Product Code: 00602557109436
Artist: Bob Marley & The Wailers
Origin:
Label: (1930)
Format:
Availability: Enquire Now
Condition:
Genre: R&B/Soul , Reggae N

Live!

Brand new sealed triple album housed in a trifold cover. Includes free digital download voucher. Made in the EU.

Expanded 180g 3LP Version of Bob Marley & The Wailers Live! feat. Both Nights of Historic 1975 Concert at Lyceum Theatre in London, England

Bob Marley & the Wailers were at the peak of their artistic powers when they arrived at the Lyceum London for two shows on July 17 and 18, 1975, having just released Natty Dread the year before and about to unleash Rastaman Vibration on the world. The Rolling Stones mobile studio was on hand to record both shows, with seven songs from the second released as Live!, in December of that same year. The recording was subsequently broadcast as part of the syndicated radio program King Biscuit Flower Hour in 1976. The Marley Family will now release for the first time the complete sets from both shows, Bob Marley & the Wailers Live!, as a three-LP set on 180-gram black vinyl in a tri-gatefold package that also includes a reproduction of the tour program from the band's historic '75 U.K. tour.

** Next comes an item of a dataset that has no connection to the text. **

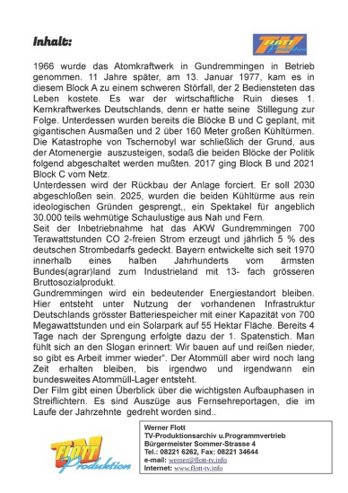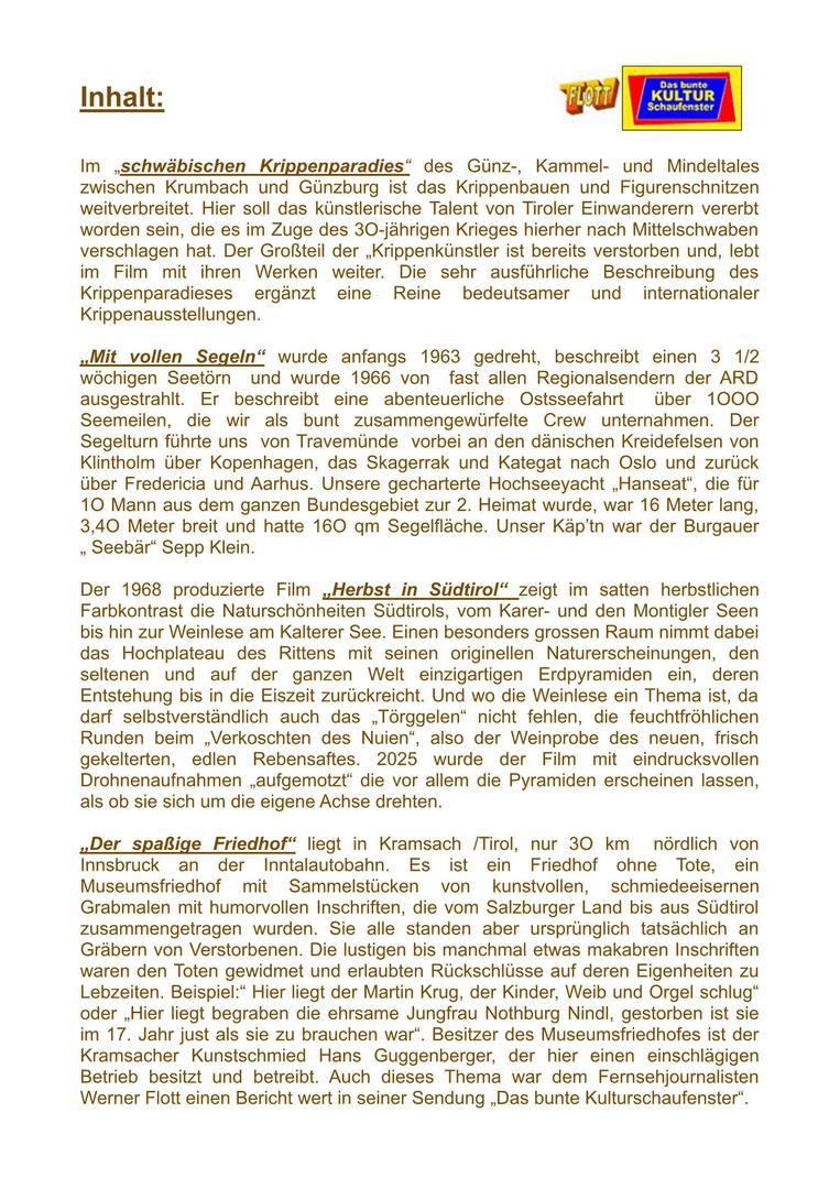 Werner Flott‘s Reportagen sind ausschliesslich zwischen 1995 und 2011 in Burgau gedreht (der Fasching sogar in den 60er Jahren) und in seiner Sendung „das bunte Kulturschaufenster“, für die er eine eigene Lizenz hatte, ausgestrahlt worden. Bunt ist die Themenpallette vom Kanzlerbesuch Kohl, den historischen Festen, der Einrichtung heimischer Museen im renovierten Schloß und Stadtturm, dem Streit um die ehemalige Turnhalle, deren Renovierung und Neugestaltung als Kulturtempel mit dem Namen Kapuzinerhalle und schliesslich dem, das Burgau 1961 europaweit bekannt gemacht hat: Die Burgauer Depesche von Oesterreichs Aussenminister Kreisky, in der die Rückgliederung Burgaus an Oesterreich verbrieft wurde. Es war die trotzige Antwort auf den Verlust des Amtsgerichts. Der große öffentliche Widerhall dieses Vorganges führte schließlich zum „Orden wider den tierischen Ernst“ für Dr. Bruno Kreisky in Aachen. Eine nostalgische Reise in die Vergangenheit.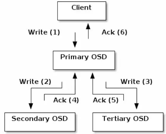 通过有代表性的Ceph客户端(主OSD)执行数据复制的能力,Ceph OSD守护进程相对的减轻了Ceph客户端的这一职责,同时确保了数据高可用以及安全性。

Marley and the Wailers' classic line-up included bassist Aston "Family Man" Barrett, drummer Carlton "Carly" Barrett, guitarist Al Anderson, keyboardist Tyrone Downie, percussionist Alvin "Seeco" Patterson and the I-Three - backing vocalists Rita Marley, Judy Mowatt and Marcia Griffiths. The group was fresh off its legendary five-night stint at the Roxy Theatre in Los Angles from July 9 through July 13, when they stepped on the stage at London's Lyceum Theatre for an abbreviated U.K. tour which would also include dates at The Odeon in Birmingham on July 19 and The Hard Rock in Manchester on July 20. Marley was in top form during the two Lyceum shows, animatedly interacting with the crowd, who sang along to what most consider the definitive version of "No Woman, No Cry."

The BBC's Chris Jones wrote about the album in 2009: "This seminal live document captures almost exactly the point where both roots reggae and Rastafarianism finally entered popular culture... Capturing the band at the peak of their powers with a set list that held absolutely no low points... this was a Wailers that could more than handle the lusher, fuller rock reggae that transformed Marley's Rastaman diatribes into pop gold. No one before this had combined both roots and R&B in this way... uniting both working and middle classes with his songs of universal struggle and religious metaphor."